An exact copy is required of the lines running from the one that contains "一九二八年殷墟第一次發掘,工作人員及軍隊共進午餐(彎身者為董作賓)" to the end of the material, both ends included, with pictures omitted.

── Source data

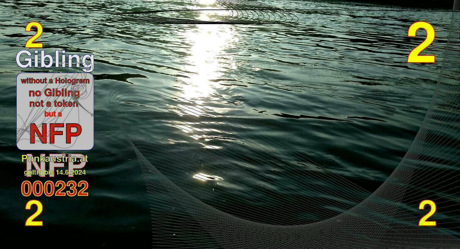 | Caption-Abstract | NFP stays for "Non Fungible Picture". The 11th Edition of our community currency Gibling is built on series of unique pictures. Each image file is unique by serial number and has a own a sha256 checksum. This data is stored in the metatags of the next picture of the series. In the metatags of the first image of the series you can find this text signed in our cryptocurrency Givecoin, created in 2014; NFPs is a fork of the Givecoin blockchain. With the NFPs we extend our ECO system in the context of process art. In this way, the Infolab of the Stadtwerkstatt wants to show another critical position on the logical truths in the new digital information society. The serial number of this image is 000232 and can also be found in the metatag "Original Transmission Reference". The checksum of the previous image is 42559230a5031b45351dce1cb47600885e287b9220af511253a281698e2d780a and is also stored in the metatag: "Edit Status". Your bitcoinaddress: 143qjgYfYwWDuycLmy6AKPUDJDdnc6xLF6. Your Givecoinaddress:Is printed on the back of the Gibling. To keep the process open, visit https://gibling.stwst.at and follow the instructions." |
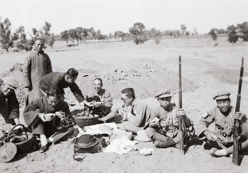 一九二八年殷墟第一次發掘,工作人員及軍隊共進午餐(彎身者為董作賓)
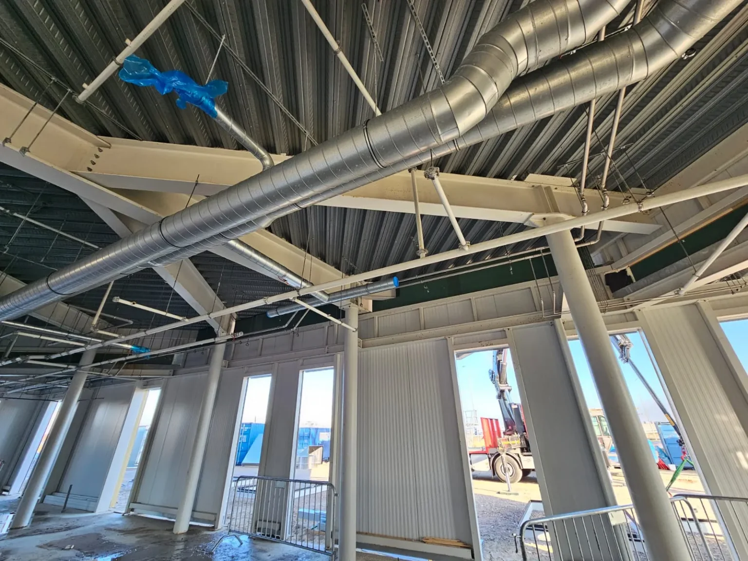 We maakten de binnenzijde volledig winddicht, zodat het gebouw beschermd was tegen de zware omstandigheden op de Maasvlakte.

────

» **Problem solution**
 一九二八年殷墟第一次發掘,工作人員及軍隊共進午餐(彎身者為董作賓)
 We maakten de binnenzijde volledig winddicht, zodat het gebouw beschermd was tegen de zware omstandigheden op de Maasvlakte.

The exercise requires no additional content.